Intel Announces Launch of Laptop-tablet Hybrid Line the ‘Ultrabook’ and Android Optimized Medfield

asus-110531 Intel executives have outlined designs for a new class of laptops that sport an ultra thin, low-power design at the Computex tradeshow in Taiwan. These new laptops, dubbed “ultrabooks” will combine a sleek, lightweight design (reminiscent of Macbooks) with the sheer power of a new Intel 22nm chip process called Ivy Bridge. According to Executive Vice President Sean Maloney, the new devices will combine “tablet-like features” with a “thin, light and elegant design.”

“Sandy Bridge [the codename for the Core iX design launched in January] is the first step in reinventing the PC,” Maloney explains. “The second step is Ivy Bridge, which is built on our industry-leading 22-nanometer process. The third step is Haswell in 2013. We will double the battery life.”

This move might be what Intel intends to use in order to oppose the rise of Chromebooks, but we’ll have to see how they manage to stack up against both Google and Apple when the market comes to bear. According to Maloney, he expects that Ultrabooks will dominate over 40% of the market by 2012. Among the first of these products, Intel presented the Asus UX21.

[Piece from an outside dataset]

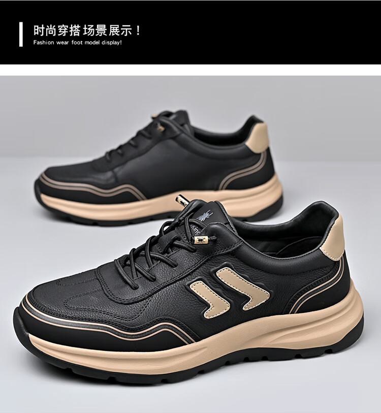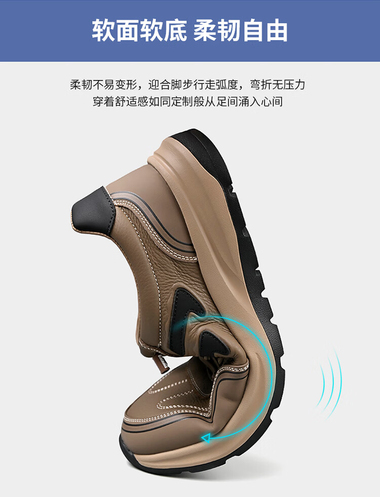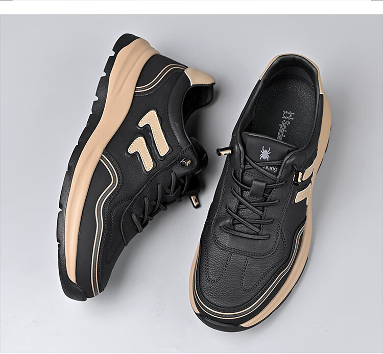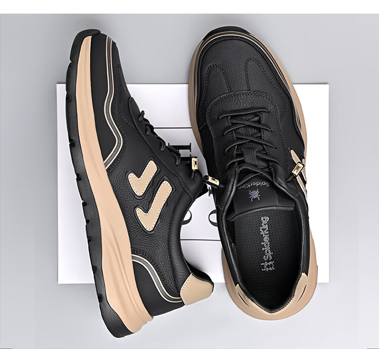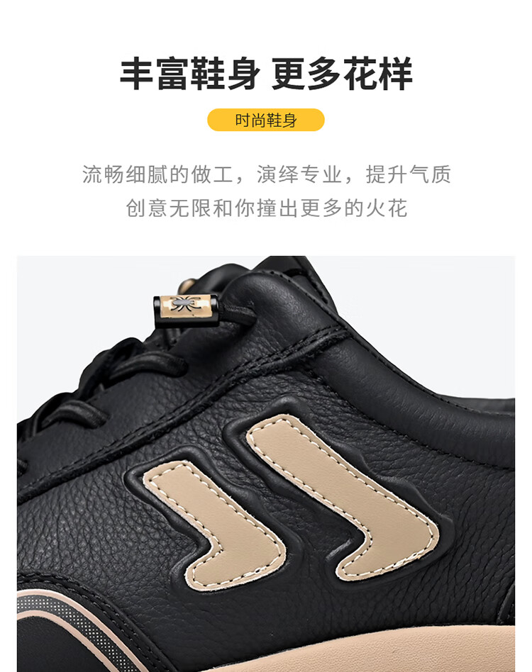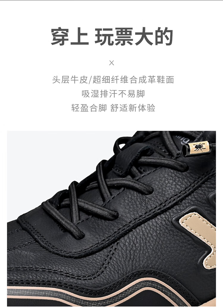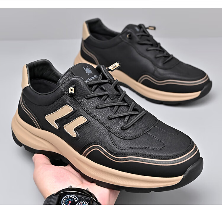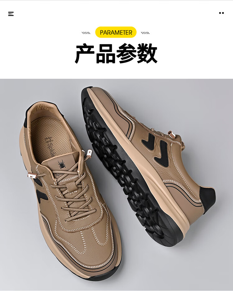 蜘蛛王男鞋春秋季牛皮透气户外运动皮鞋男软底商务休闲鞋 卡其色 40

According to an article running in Phandroid, Intel is also moving the Atom market along to an Android 3 platform,

However, it wasn’t Chrome OS running on an Ultrabook that excited us about Intel’s Computex appearance, it was their showing of “Medfield”- their phone and tablet platform that was seen running Android 3 with promises of products hitting the market in the first half of 2012. We haven’t seen video footage as of yet, but we’re eager for Intel to enter the field as they’re virtually a non-factor on the current mobile landscape. Whether or not Ultrabooks will incorporate Android or Chrome OS is anybody’s guess, but we’re happy to see Intel picking up the pace in their diversification efforts.

We’ve seen this coming for a while now, Intel has been looking at the iPad and gearing up to counteract Apple and ARM the only way they know how: by designing new chips. While they have the intent of generating a new line of the Atom platform code-named Cedar Trail and another chip line called Medfield, which Maloney describes as “Intel’s first purpose-built 32nm platform for smartphones and tablets.”

Much of the information Phandroid is working from comes from a Guardian article on the subject. The Android angle comes from Maloney’s statement about Medfield’s direction, “It’s optimised for tablets and phones running Google’s Android [operating system] initially, so we’ll see.”

The intent of the new line of chips isn’t just to tighten the overall computational prowess of the chip in order to stack Intel up in the market, but to also lower power consumption. New netbooks and ultrabooks will need as much standby power as possible to compete in the mobile market as ultra-portables (some smartphones can last over a day without recharging and we like to leave those on.)

Intel intends to greatly accelerate their race to smaller and tighter nanometer processes over the next few years, rapidly moving from 32nm through 22nm to 14nm before 2015. With each reduction in process size they hope to increase performance and efficiency and thus extend battery life.